Lectura del santo evangelio según san Juan 14,23-29):
En aquel tiempo, dijo Jesús a sus discípulos: «El que me ama guardará mi palabra, y mi Padre lo amará, y vendremos a él y haremos morada en él. El que no me ama no guardará mis palabras. Y la palabra que estáis oyendo no es mía, sino del Padre que me envió. Os he hablado de esto ahora que estoy a vuestro lado, pero el Defensor, el Espíritu Santo, que enviará el Padre en mi nombre, será quien os lo enseñe todo y os vaya recordando todo lo que os he dicho. La paz os dejo, mi paz os doy; no os la doy yo como la da el mundo. Que no tiemble vuestro corazón ni se acobarde. Me habéis oído decir: «Me voy y vuelvo a vuestro lado.» Si me amarais, os alegraríais de que vaya al Padre, porque el Padre es más que yo. Os lo he dicho ahora, antes de que suceda, para que cuando suceda, sigáis creyendo.»
Palabra del Señor
COMENTARIO A LAS LECTURAS
1. «Mi paz os doy».
En el evangelio, que remite de nuevo a su salida de este mundo, ya muy próxima, Jesús inculca a su joven Iglesia una palabra: la paz. Se trata expresamente de la paz que proviene de él, que es la única auténtica y duradera, pues una paz como la da el mundo por lo general no es más que un armisticio precario o incluso una guerra fría. Los discípulos poseen el arquetipo de la verdadera paz en Dios mismo: el que guarda la palabra de Jesús por amor, ése es amado por el Padre. El Padre viene junto con el Hijo al creyente para hacer morada en él, y el Espíritu Santo le aclara en su corazón todo lo que Jesús ha hecho y dicho, toda la verdad que Jesús ha traído. Dios en su Trinidad es la paz verdadera e indestructible. En esta paz los discípulos deben dejar marchar a su amado Señor con alegría, porque no hay más alegría que el amor trinitario, y éste se debe desear a cualquiera, aun cuando haya que dejarle marchar.

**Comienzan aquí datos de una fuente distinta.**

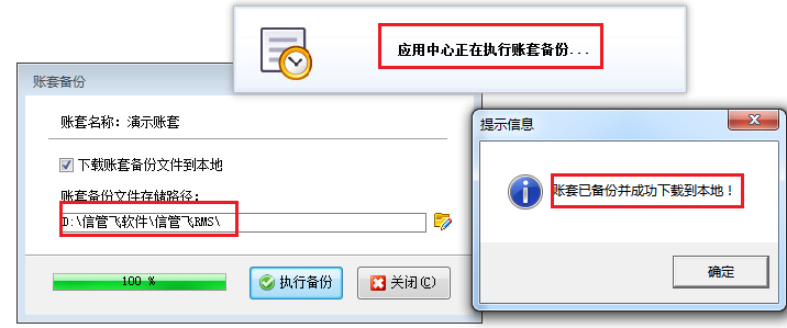 ????② 如果需要將賬套備份文件同時(shí)存儲(chǔ)在客戶端電腦上時(shí),需要打勾選中“下載賬套文件到本地”,然后選擇賬套備份文件需要存儲(chǔ)的文件路徑,點(diǎn)擊“執(zhí)行備份”按鈕即可將賬套備份在客戶端所在的電腦上存儲(chǔ)。
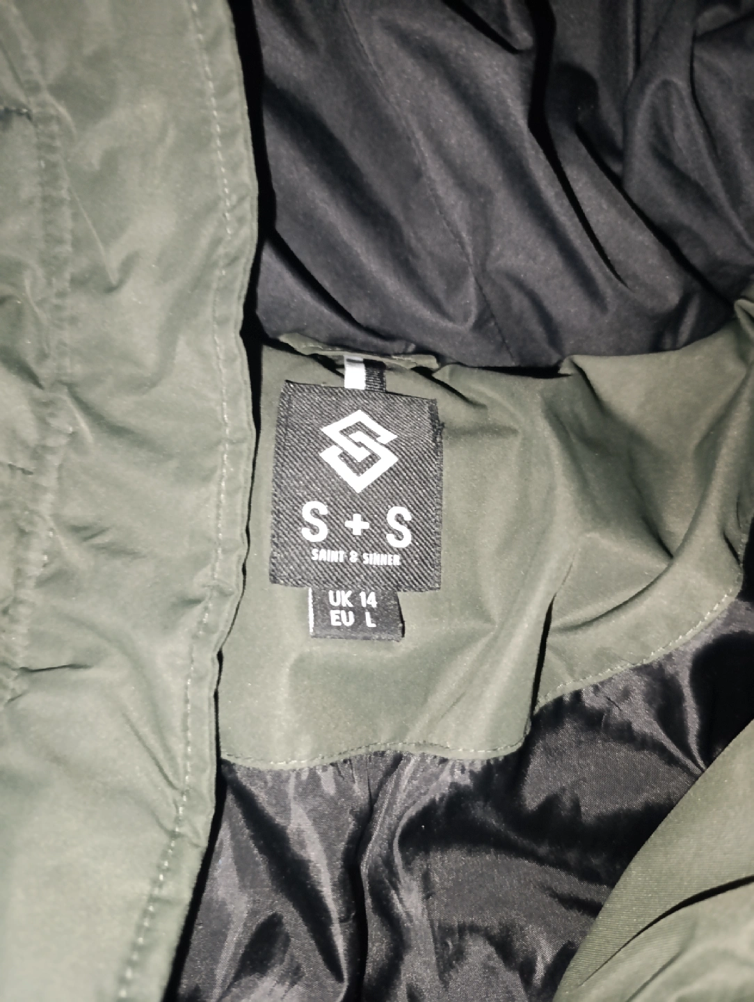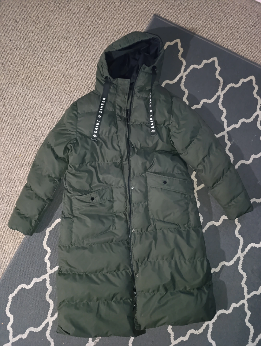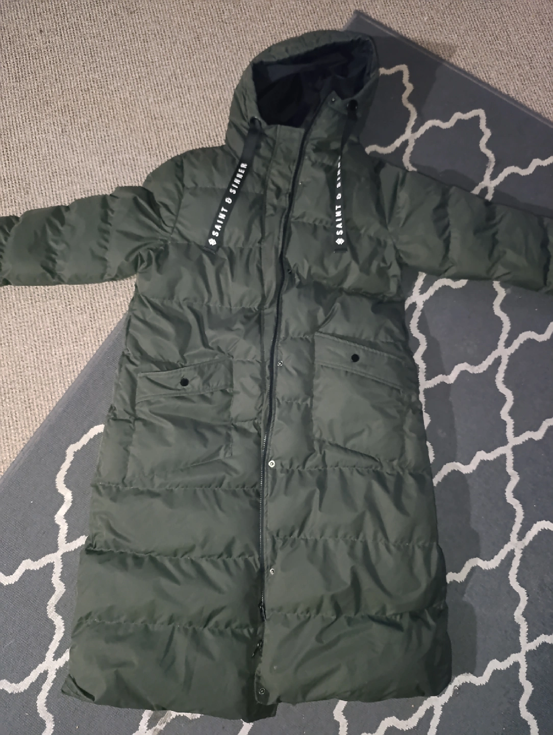Here's a Saint & Sinner puffer coat in a stylish olive green colour! It's perfect for staying warm during the colder months. The coat features a hood and a zipper closure. It's in great condition and ready for a new home

2. «Hemos decidido por unanimidad».
La Iglesia tiene que ser un ejemplo de paz en el mundo sin paz. Pero ha de superar en su interior ciertos problemas que provocan tensiones y que sólo pueden resolverse bajo la guía del Espíritu Santo, en la oración y en la obediencia a sus designios. El problema quizá más grave se le planteó a la Iglesia (como muestra la primera lectura) ya en vida de los apóstoles: la convivencia pacífica entre el pueblo elegido, que poseía una revelación divina milenaria, y los paganos que empezaban a incorporarse a la Iglesia, que no aportaban nada de su tradición. Conseguir una convivencia verdaderamente pacífica exigía renuncias por ambas partes, y las largas deliberaciones de los apóstoles debían conducir necesariamente a exigir estas renuncias: los paganos no tenían necesidad de seguir importantes costumbres judías, por ejemplo la circuncisión; pero en contrapartida debían hacer algunas concesiones a los judíos en lo referente a ciertos usos alimentarios y a los matrimonios entre parientes. Estos compromisos, que quizá hoy pueden parecernos sobremanera extraños, eran entonces de palpitante actualidad, y debemos tomar ejemplo de ellos para todo aquello a lo que nosotros hemos de renunciar necesariamente aquí y ahora para que entre las diversas tendencias de la Iglesia reine la verdadera paz de Cristo, y no nos contentemos con un simple armisticio. Nunca un partido tendrá toda la razón y el otro ninguna. Hay que escucharse mutuamente en la paz de Cristo, sopesar las razones de la parte contraria, no absolutizar las propias. Esto puede exigir verdaderas renuncias hoy como ayer, pero solamente si aceptamos estas renuncias se nos dará la paz de Cristo.
3. «Los nombres de las doce tribus de Israel… los nombres de los doce apóstoles del Cordero».
La figura de la definitiva «ciudad de la paz», de la Jerusalén celeste, confirma en la segunda lectura la paz traída por Dios entre el Antiguo Testamento de los judíos y el Nuevo Testamento de los cristianos, la curación de la peor herida que ha desgarrado al pueblo de Dios desde los tiempos de Jesús. Mientras las puertas llevan grabados los nombres de las doce tribus de Israel, los cimientos llevan escritos «los nombres de los apóstoles del Cordero», y el número de los que aparecen delante del trono de Dios es de veinticuatro. Quizá esta escisión que se produjo con motivo de la venida de Jesús no se supere del todo hasta el final de los tiempos, pero nosotros debemos intentar superarla ya dentro de la historia en la medida de lo posible. Aunque la unidad en la fe no sea del todo realizable, la unidad en el amor es siempre posible.